**Working data**
━━━━━━━━━━
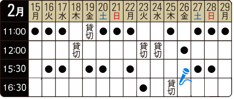 | 第一幕 | 11:00~12:05 | 第一幕 | 15:30~16:35 |
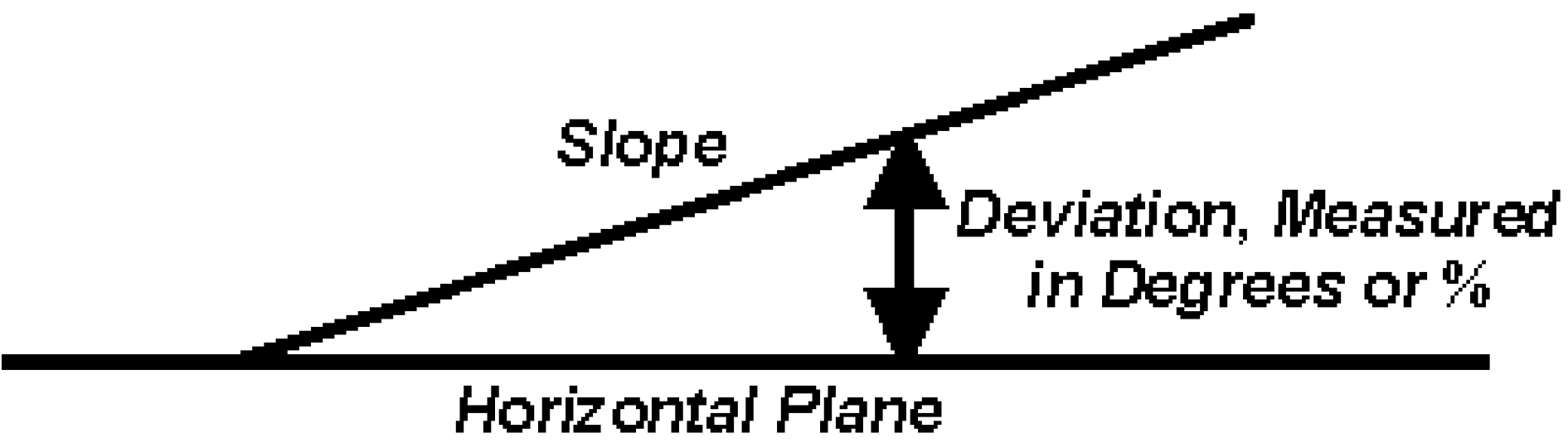 Slope means the degree of deviation of a surface from the horizontal plane, usually expressed in degrees, percentages, or as a ratio of feet of vertical change over a given horizontal distance (e.g., 4:12).
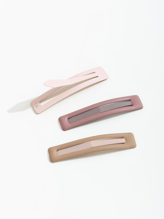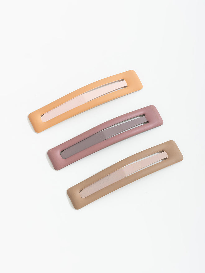 שלישיית סיכות מלבן לשיער בצבעים שונים.
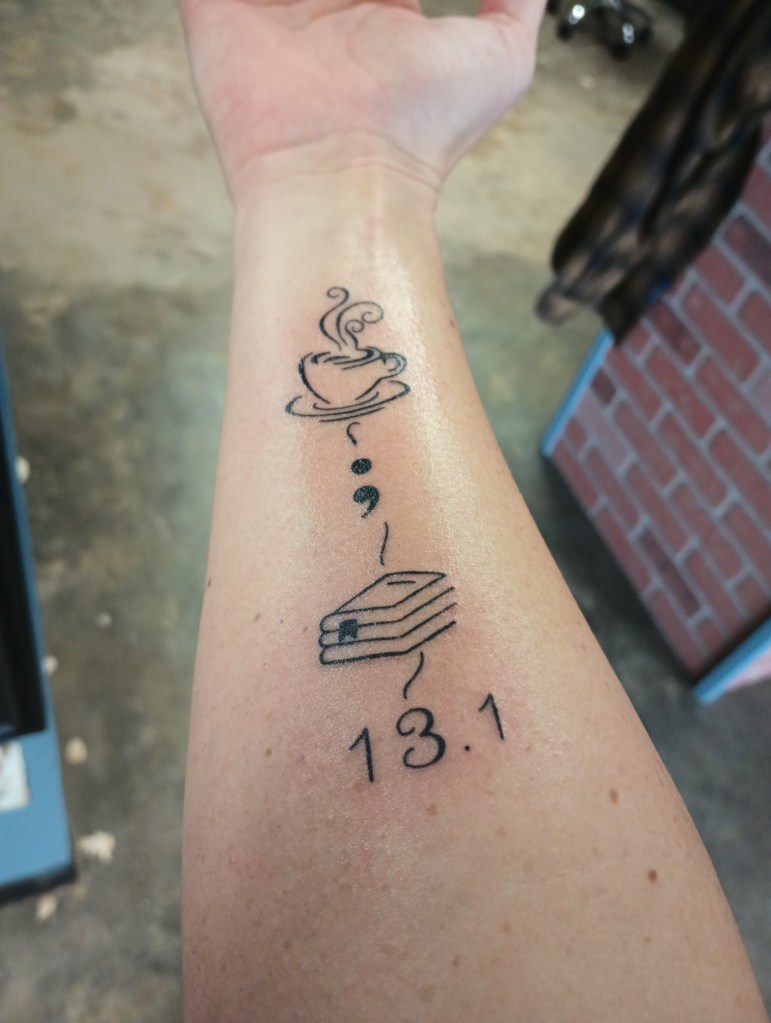 From top to bottom: The coffee cup is my own personal trademark because I rarely am not drinking coffee. The semicolon is very close to my heart as it symbolizes a pause, a breath, a short break in thoughts, and is often used for suicide awareness, of which my father took his own life when I was 10. The stack of books is twofold: 1) I love to read, always have and 2) as a lifelong learner and career college student, then books made sense. Finally, the 13.1 represents my adoration for running the half marathon distance.
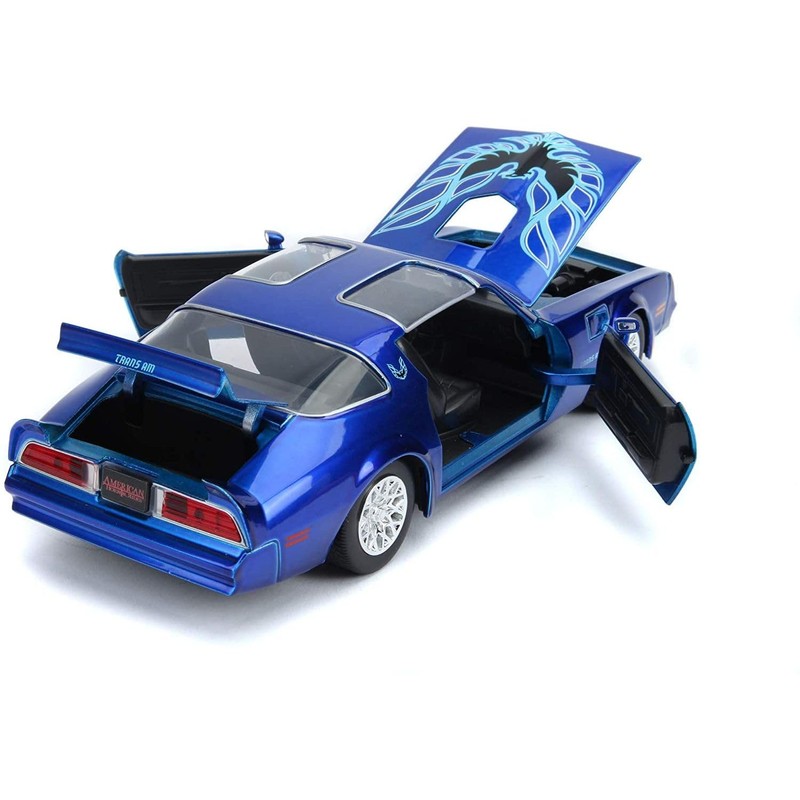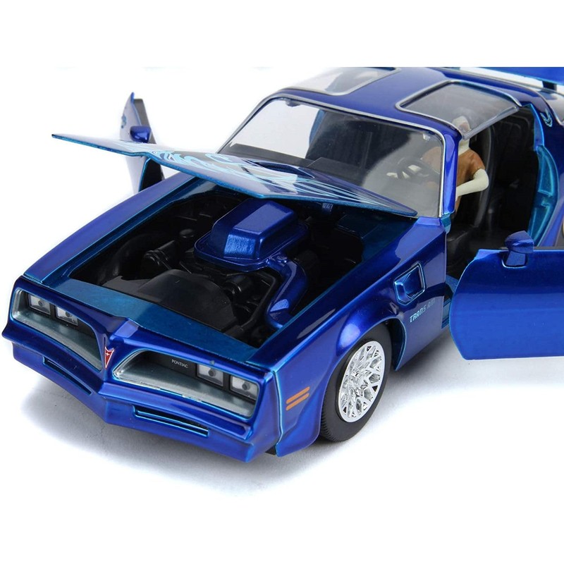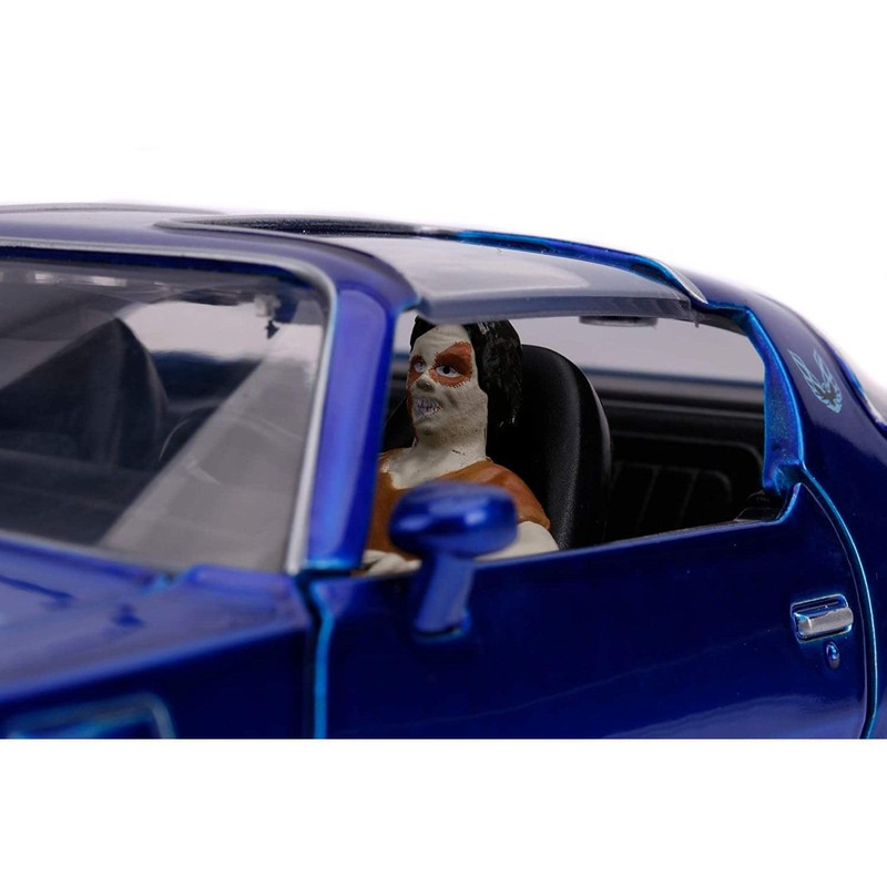 Jada Toys 253255022 Henry Bower's IT 1977 Pontiac Firebird Toy Die-Cast Includes Pennywise & IT Zombie Figure, Car, Doors, Boot + Opening Bonnet, 1:24, Blue
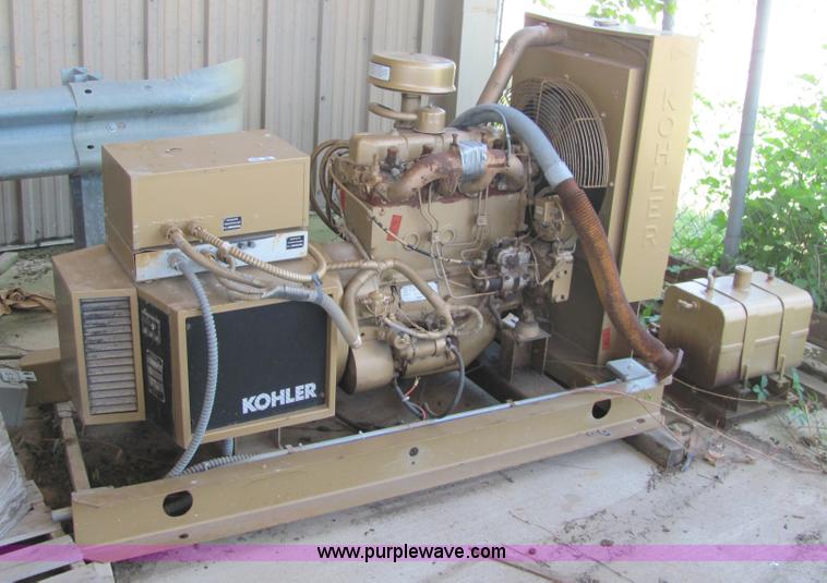 Purple Wave is selling a used Generator Set in Kansas. This item is a Kohler 30 KW generator with the following: 1,333 hours on meter, Model 30R0Z71, 37.5 KV9, Three phase, White four cylinder diesel engine, Includes transfer switch and day tank, Working when removed from service in 2008
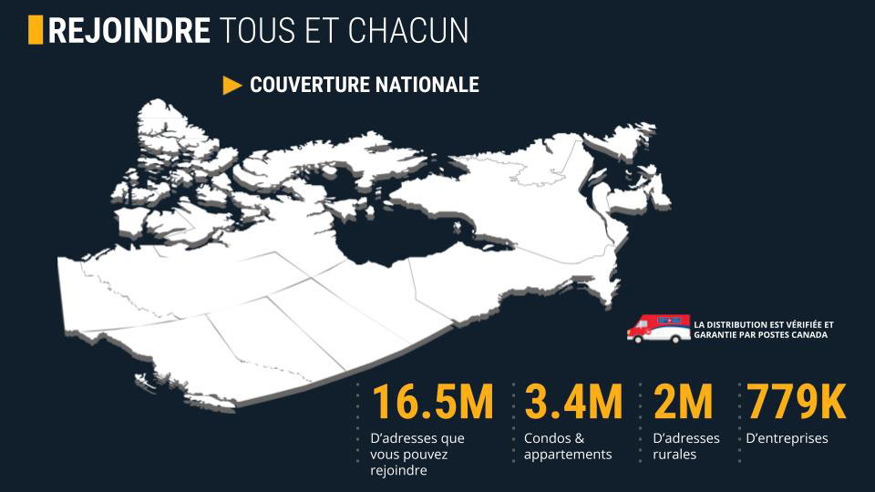 - Distribution par Postes Canada avec ciblage géographique avancé : code postal, ville, secteur ou rayon autour de votre commerce.
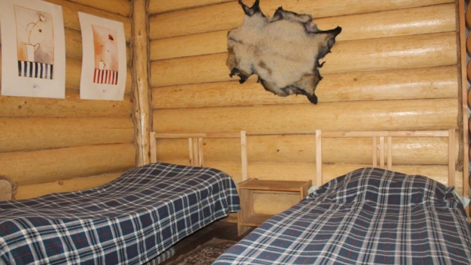 — 2 большими двуспальными кроватями, раскладным диваном из массива сосны (дополнительные места), над ними — 2 односпальные кровати;
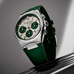 - Ограниченная стальная версия (1888 экземпляров) – корпус из нержавеющей стали и оригинальное сочетание опалового циферблата с зелеными счетчиками, придающее модели динамичный спортивный характер.
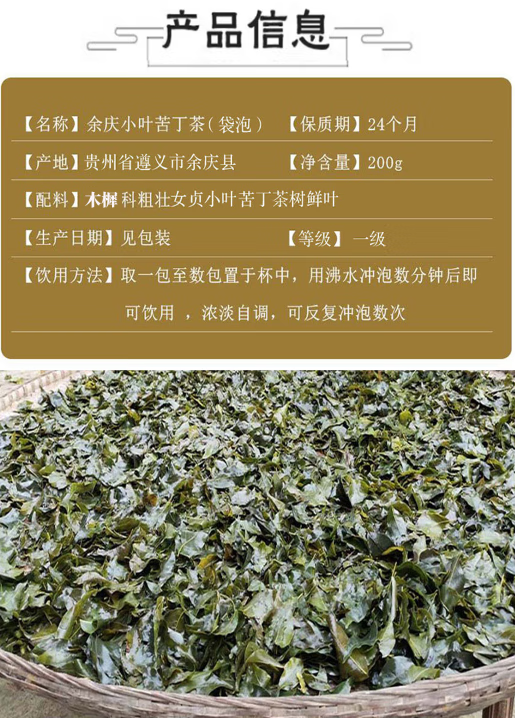 得青山5包 贵州特产得青山余庆小叶苦丁茶 袋泡茶 一级200g/包 200g*5袋 五大袋
━━━━━━━━━━
**Aim of the task**
What you give back should be the full material above, retyped exactly, with every image removed.

**Result**
 | 第一幕 | 11:00~12:05 | 第一幕 | 15:30~16:35 |
 Slope means the degree of deviation of a surface from the horizontal plane, usually expressed in degrees, percentages, or as a ratio of feet of vertical change over a given horizontal distance (e.g., 4:12).
 שלישיית סיכות מלבן לשיער בצבעים שונים.
 From top to bottom: The coffee cup is my own personal trademark because I rarely am not drinking coffee. The semicolon is very close to my heart as it symbolizes a pause, a breath, a short break in thoughts, and is often used for suicide awareness, of which my father took his own life when I was 10. The stack of books is twofold: 1) I love to read, always have and 2) as a lifelong learner and career college student, then books made sense. Finally, the 13.1 represents my adoration for running the half marathon distance.
 Jada Toys 253255022 Henry Bower's IT 1977 Pontiac Firebird Toy Die-Cast Includes Pennywise & IT Zombie Figure, Car, Doors, Boot + Opening Bonnet, 1:24, Blue
 Purple Wave is selling a used Generator Set in Kansas. This item is a Kohler 30 KW generator with the following: 1,333 hours on meter, Model 30R0Z71, 37.5 KV9, Three phase, White four cylinder diesel engine, Includes transfer switch and day tank, Working when removed from service in 2008
 - Distribution par Postes Canada avec ciblage géographique avancé : code postal, ville, secteur ou rayon autour de votre commerce.
 — 2 большими двуспальными кроватями, раскладным диваном из массива сосны (дополнительные места), над ними — 2 односпальные кровати;
 - Ограниченная стальная версия (1888 экземпляров) – корпус из нержавеющей стали и оригинальное сочетание опалового циферблата с зелеными счетчиками, придающее модели динамичный спортивный характер.
 得青山5包 贵州特产得青山余庆小叶苦丁茶 袋泡茶 一级200g/包 200g*5袋 五大袋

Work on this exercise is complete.